Given data -
::::

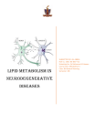 LIPID METABOLISM IN NEURODEGENERATIVE DISEASES SUBMITTED BY: ALI ABBAS Roll no.: 0011-BS-BIO-T-22 Submitted to: Sir Mehmood Ul Hassan Course Title: Metabolism II Class: BS Biotech Morning Semester: 6th Contents Abstract .......................................................................................................................... 3 1. Introduction ................................................................................................................ 4 2. Lipid Metabolism in the Nervous System ................................................................. 4 2.1 Phospholipids ....................................................................................................... 4 2.2 Sphingolipids ....................................................................................................... 4 2.3 Cholesterol ........................................................................................................... 4 2.4 Lipid Transport and Storage................................................................................. 5 3. Dysregulation of Lipid Metabolism ........................................................................... 5 3.1 Lipid Peroxidation and Oxidative Stress ............................................................. 5 3.2 Disruption of Membrane Structure and Lipid Rafts ............................................ 5 3.3 Lipid Droplets and Neuronal Dysfunction ........................................................... 5 3.4 Aberrant Lipid Signaling...................................................................................... 5 4. Lipid Metabolism in Specific Neurodegenerative Diseases ...................................... 6 4.1 Alzheimer's Disease ............................................................................................. 6 4.1.1 Cholesterol and Amyloid Precursor Protein Processing ............................... 6 4.2 Parkinson's Disease .............................................................................................. 7 4.2.1 Mitochondrial Dysfunction and Lipid Peroxidation ..................................... 7 4.2.2 Sphingolipids and α-Synuclein ..................................................................... 7 4.2.3 Cholesterol and Synaptic Dysfunction.......................................................... 7 4.2.4 Therapeutic Implications .............................................................................. 8 4.3 Huntington's Disease............................................................................................ 8 4.3.1 Mitochondrial Dysfunction and Lipid Peroxidation ..................................... 8 4.3.2 Altered Sphingolipid Metabolism ................................................................. 8 4.3.3 Cholesterol and Lipid Rafts .......................................................................... 9 4.3.4 Therapeutic Implications .............................................................................. 9 4.4 Amyotrophic Lateral Sclerosis (ALS) ................................................................. 9 4.4.1 Lipid Rafts and Motor Neuron Degeneration ............................................... 9 4.4.2 Mitochondrial Dysfunction and Lipid Peroxidation ..................................... 9 4.4.3 Altered Sphingolipid Metabolism ............................................................... 10 4.4.4 Cholesterol Metabolism and Synaptic Dysfunction ................................... 10 4.4.5 Therapeutic Implications ............................................................................ 10 5. Emerging Concepts: Lipidomics and Neurodegeneration ....................................... 10 5.1 The Role of Lipidomic Profiling in Neurodegenerative Diseases ..................... 10 5.2 Lipidomic Signatures as Biomarkers ................................................................. 11 5.3 Therapeutic Implications of Lipidomics in Neurodegeneration ........................ 11 6. Therapeutic Implications ......................................................................................... 11 6.1 Cholesterol and Lipid-Lowering Strategies ....................................................... 11 6.1.1 Statins and Other Cholesterol-Lowering Agents ........................................ 12 6.1.2 Non-Statin Cholesterol-Lowering Strategies .............................................. 12 6.2 Sphingolipid Modulation ................................................................................... 12 6.2.1 Ceramide Inhibition .................................................................................... 12 6.2.2 Sphingosine-1-Phosphate Modulation ........................................................ 12 6.3 Fatty Acid Supplementation ............................................................................... 12 6.3.1 Omega-3 Fatty Acids in Neurodegeneration............................................... 13 6.3.2 Omega-6 Fatty Acids and Inflammation ..................................................... 13 6.4 Lipid-Based Nanomedicine ............................................................................... 13 6.5 Targeting Mitochondrial Lipids ......................................................................... 13 6.5.1 Mitochondrial Lipid Modulation ................................................................ 13 7. Conclusion ............................................................................................................... 13 Bibliography ................................................................................................................ 15 No table of figures entries found. Abstract Lipid metabolism is a critical factor in the pathogenesis of neurodegenerative diseases, with alterations in lipid homeostasis contributing significantly to disease progression. Neurodegenerative disorders, including Alzheimer’s disease (AD), Parkinson’s disease (PD), and Huntington’s
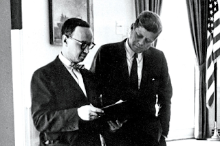 Arthur Schlesinger with JFKFrom here, Schlesinger takes up the question of how television got this way. The traditional argument, of course, is that it's a medium that simply gives the public what it wants, but Schlesinger points to the argument made by Gilbert Seldes, TV host, occasional columnist for TV Guide, and director of the Annenberg School of Communications at Penn.* Seldes says the question that should be asked is this: if TV is, in fact, simply giving the public "what it wants," how did the public get that way in the first place? And does the public even know how good television can be? How can it, when network executives refuse to demonstrate it to them?*The TV Guide connection is no surprise, given that Walter Annenberg is the magazine's publisher.
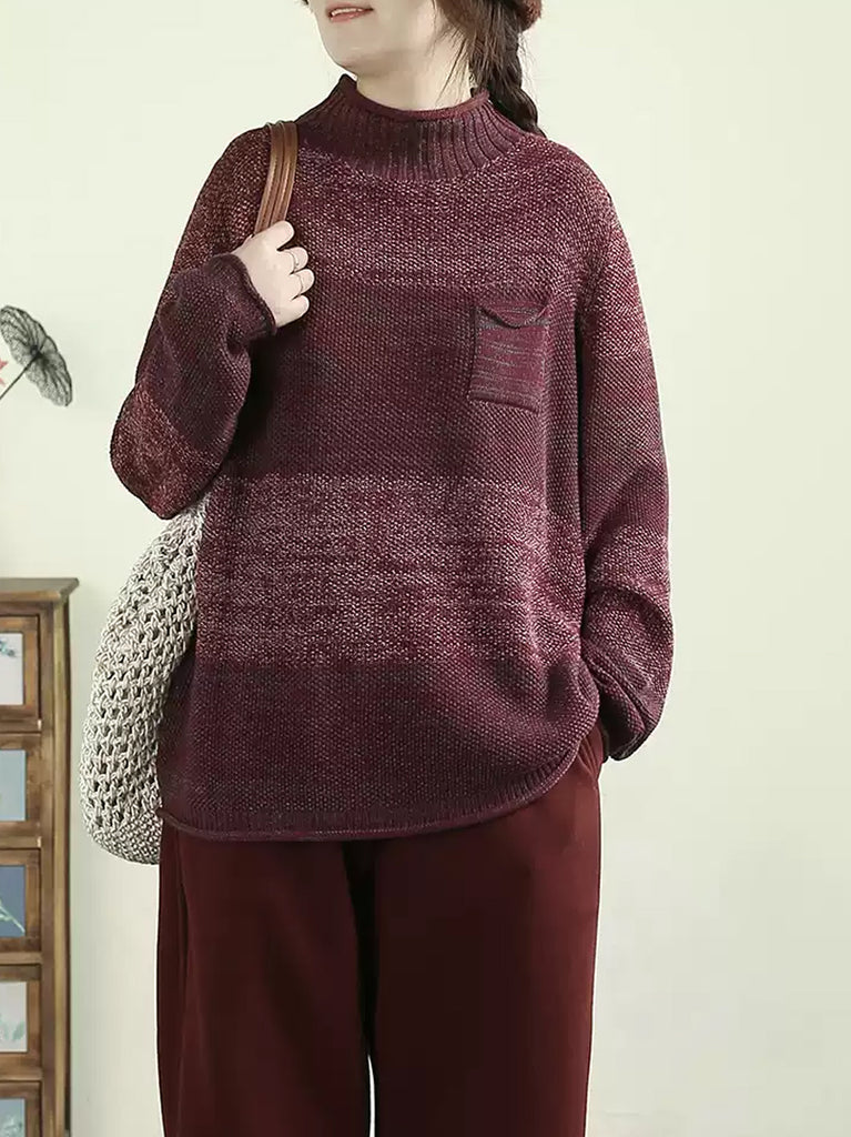 Women Autumn Ethnic Colorblock Half-Turtleneck Sweater

::::

Assignment -
With pictures excluded, the data must be transcribed in full and to the letter.

Response to this exercise -
 LIPID METABOLISM IN NEURODEGENERATIVE DISEASES SUBMITTED BY: ALI ABBAS Roll no.: 0011-BS-BIO-T-22 Submitted to: Sir Mehmood Ul Hassan Course Title: Metabolism II Class: BS Biotech Morning Semester: 6th Contents Abstract .......................................................................................................................... 3 1. Introduction ................................................................................................................ 4 2. Lipid Metabolism in the Nervous System ................................................................. 4 2.1 Phospholipids ....................................................................................................... 4 2.2 Sphingolipids ....................................................................................................... 4 2.3 Cholesterol ........................................................................................................... 4 2.4 Lipid Transport and Storage................................................................................. 5 3. Dysregulation of Lipid Metabolism ........................................................................... 5 3.1 Lipid Peroxidation and Oxidative Stress ............................................................. 5 3.2 Disruption of Membrane Structure and Lipid Rafts ............................................ 5 3.3 Lipid Droplets and Neuronal Dysfunction ........................................................... 5 3.4 Aberrant Lipid Signaling...................................................................................... 5 4. Lipid Metabolism in Specific Neurodegenerative Diseases ...................................... 6 4.1 Alzheimer's Disease ............................................................................................. 6 4.1.1 Cholesterol and Amyloid Precursor Protein Processing ............................... 6 4.2 Parkinson's Disease .............................................................................................. 7 4.2.1 Mitochondrial Dysfunction and Lipid Peroxidation ..................................... 7 4.2.2 Sphingolipids and α-Synuclein ..................................................................... 7 4.2.3 Cholesterol and Synaptic Dysfunction.......................................................... 7 4.2.4 Therapeutic Implications .............................................................................. 8 4.3 Huntington's Disease............................................................................................ 8 4.3.1 Mitochondrial Dysfunction and Lipid Peroxidation ..................................... 8 4.3.2 Altered Sphingolipid Metabolism ................................................................. 8 4.3.3 Cholesterol and Lipid Rafts .......................................................................... 9 4.3.4 Therapeutic Implications .............................................................................. 9 4.4 Amyotrophic Lateral Sclerosis (ALS) ................................................................. 9 4.4.1 Lipid Rafts and Motor Neuron Degeneration ............................................... 9 4.4.2 Mitochondrial Dysfunction and Lipid Peroxidation ..................................... 9 4.4.3 Altered Sphingolipid Metabolism ............................................................... 10 4.4.4 Cholesterol Metabolism and Synaptic Dysfunction ................................... 10 4.4.5 Therapeutic Implications ............................................................................ 10 5. Emerging Concepts: Lipidomics and Neurodegeneration ....................................... 10 5.1 The Role of Lipidomic Profiling in Neurodegenerative Diseases ..................... 10 5.2 Lipidomic Signatures as Biomarkers ................................................................. 11 5.3 Therapeutic Implications of Lipidomics in Neurodegeneration ........................ 11 6. Therapeutic Implications ......................................................................................... 11 6.1 Cholesterol and Lipid-Lowering Strategies ....................................................... 11 6.1.1 Statins and Other Cholesterol-Lowering Agents ........................................ 12 6.1.2 Non-Statin Cholesterol-Lowering Strategies .............................................. 12 6.2 Sphingolipid Modulation ................................................................................... 12 6.2.1 Ceramide Inhibition .................................................................................... 12 6.2.2 Sphingosine-1-Phosphate Modulation ........................................................ 12 6.3 Fatty Acid Supplementation ............................................................................... 12 6.3.1 Omega-3 Fatty Acids in Neurodegeneration............................................... 13 6.3.2 Omega-6 Fatty Acids and Inflammation ..................................................... 13 6.4 Lipid-Based Nanomedicine ............................................................................... 13 6.5 Targeting Mitochondrial Lipids ......................................................................... 13 6.5.1 Mitochondrial Lipid Modulation ................................................................ 13 7. Conclusion ............................................................................................................... 13 Bibliography ................................................................................................................ 15 No table of figures entries found. Abstract Lipid metabolism is a critical factor in the pathogenesis of neurodegenerative diseases, with alterations in lipid homeostasis contributing significantly to disease progression. Neurodegenerative disorders, including Alzheimer’s disease (AD), Parkinson’s disease (PD), and Huntington’s
 Arthur Schlesinger with JFKFrom here, Schlesinger takes up the question of how television got this way. The traditional argument, of course, is that it's a medium that simply gives the public what it wants, but Schlesinger points to the argument made by Gilbert Seldes, TV host, occasional columnist for TV Guide, and director of the Annenberg School of Communications at Penn.* Seldes says the question that should be asked is this: if TV is, in fact, simply giving the public "what it wants," how did the public get that way in the first place? And does the public even know how good television can be? How can it, when network executives refuse to demonstrate it to them?*The TV Guide connection is no surprise, given that Walter Annenberg is the magazine's publisher.
 Women Autumn Ethnic Colorblock Half-Turtleneck Sweater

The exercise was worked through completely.